§ **Task goal**: Images are to be left out; everything else in the listing should be repeated exactly.

§ **Data below**:
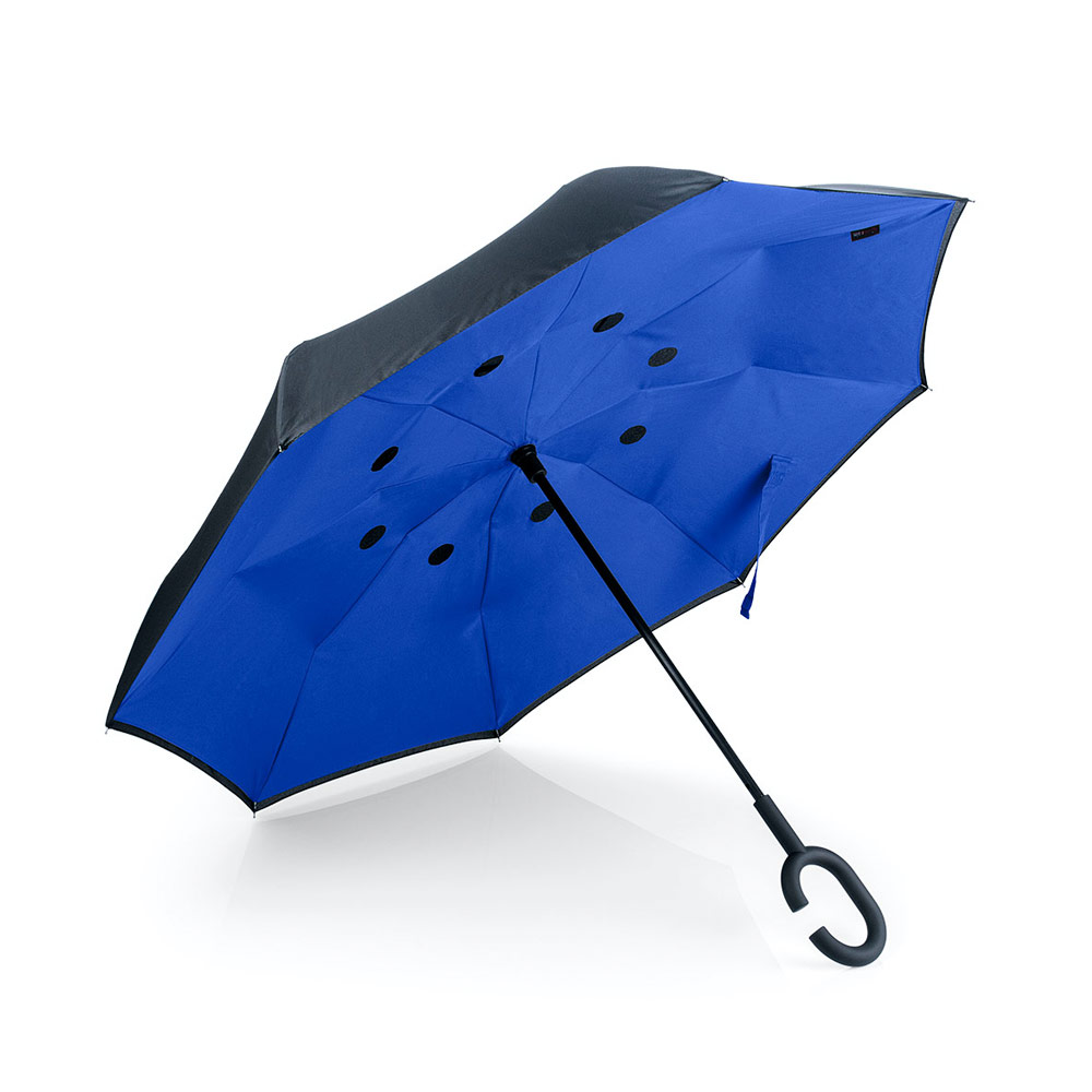Paraguas en 2 tonos reversible, 8 cascos, costillas en metal y fibra de vidrio, vara metálica, tela en Pongee con cinta para cierre con velcro, mango tipo C con acabado en goma que permite ser usado como manos libres. Gracias a su mecanísmo de plegado inverso, es capaz de contener el exceso de agua.
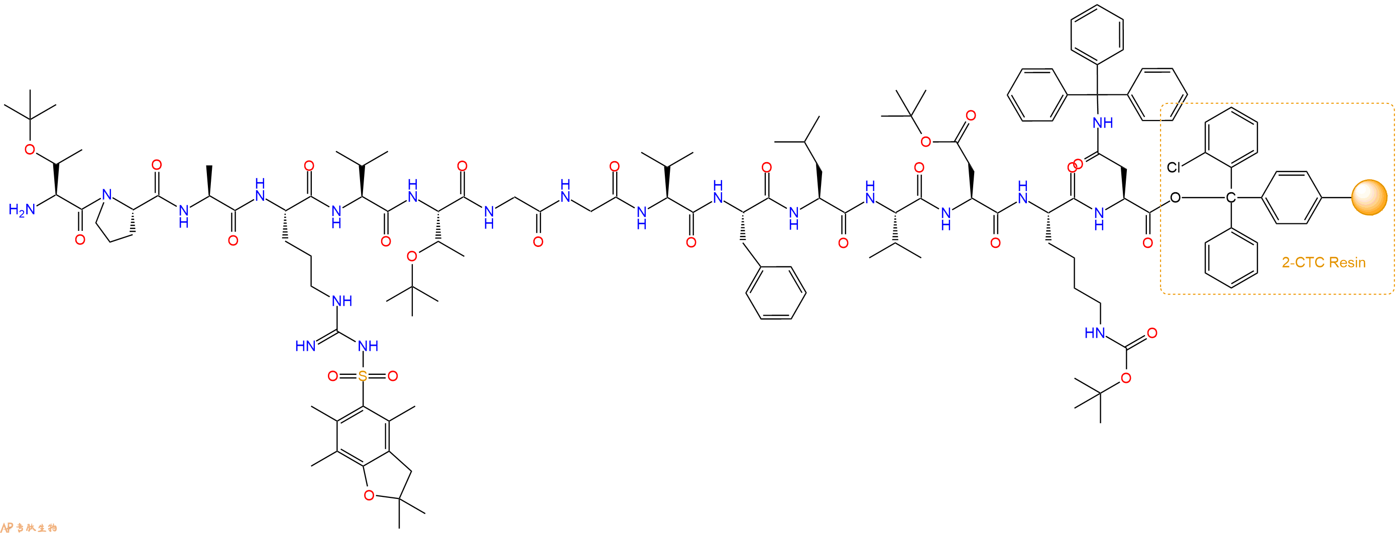 最后再经过步骤二得到 H2N-Thr(tBu)-Pro-Ala-Arg(Pbf)-Val-Thr(tBu)-Gly-Gly-Val-Phe-Leu-Val-Asp(OtBu)-Lys(Boc)-Asn(Trt)-CTC Resin,结构如下:
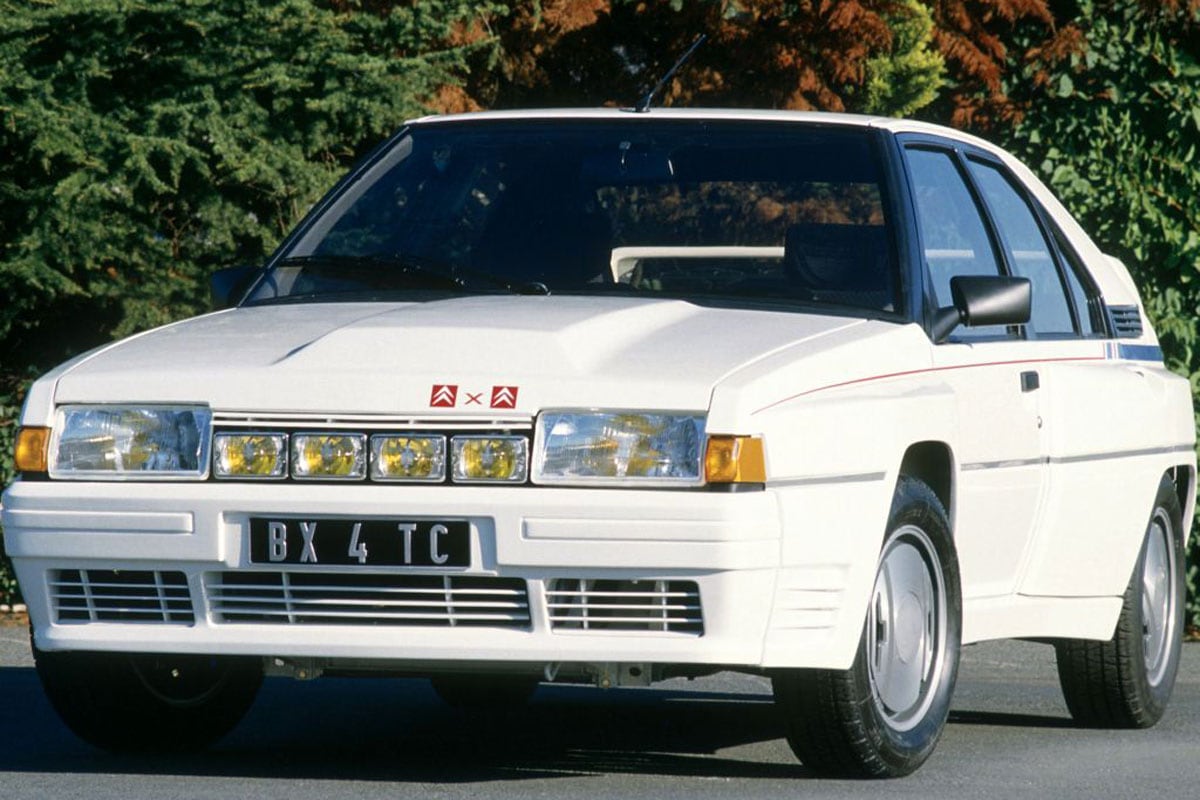 De begeerlijkste BX was zonder meer de 4TC. En niet omdat hij met zijn met 200 pk de sterkste in zijn soort was, maar meer omdat hij werd omgeven door een bijna ongelooflijk verhaal. Met de 4TC wilde Citroën in 1985 gaan deelnemen in het levensgevaarlijke Groep B-rallykampioenschap. Om aan de homologatie-eisen te voldoen moesten daarvan tweehonderd straatauto’s voor klanten worden gebouwd. Er werd een 2,1-liter turbomotor in lengterichting ingebouwd. De gewone BX had zijn motor dwarsgeplaatst, vandaar dat de 4TC een ongebruikelijk lange voorplecht kreeg. Die 2,1 werd gekoppeld aan de vijfbak uit de Citroën SM. Ook het veerbollensysteem zat er gewoon op.

§ **Written response**:
Paraguas en 2 tonos reversible, 8 cascos, costillas en metal y fibra de vidrio, vara metálica, tela en Pongee con cinta para cierre con velcro, mango tipo C con acabado en goma que permite ser usado como manos libres. Gracias a su mecanísmo de plegado inverso, es capaz de contener el exceso de agua.
 最后再经过步骤二得到 H2N-Thr(tBu)-Pro-Ala-Arg(Pbf)-Val-Thr(tBu)-Gly-Gly-Val-Phe-Leu-Val-Asp(OtBu)-Lys(Boc)-Asn(Trt)-CTC Resin,结构如下:
 De begeerlijkste BX was zonder meer de 4TC. En niet omdat hij met zijn met 200 pk de sterkste in zijn soort was, maar meer omdat hij werd omgeven door een bijna ongelooflijk verhaal. Met de 4TC wilde Citroën in 1985 gaan deelnemen in het levensgevaarlijke Groep B-rallykampioenschap. Om aan de homologatie-eisen te voldoen moesten daarvan tweehonderd straatauto’s voor klanten worden gebouwd. Er werd een 2,1-liter turbomotor in lengterichting ingebouwd. De gewone BX had zijn motor dwarsgeplaatst, vandaar dat de 4TC een ongebruikelijk lange voorplecht kreeg. Die 2,1 werd gekoppeld aan de vijfbak uit de Citroën SM. Ook het veerbollensysteem zat er gewoon op.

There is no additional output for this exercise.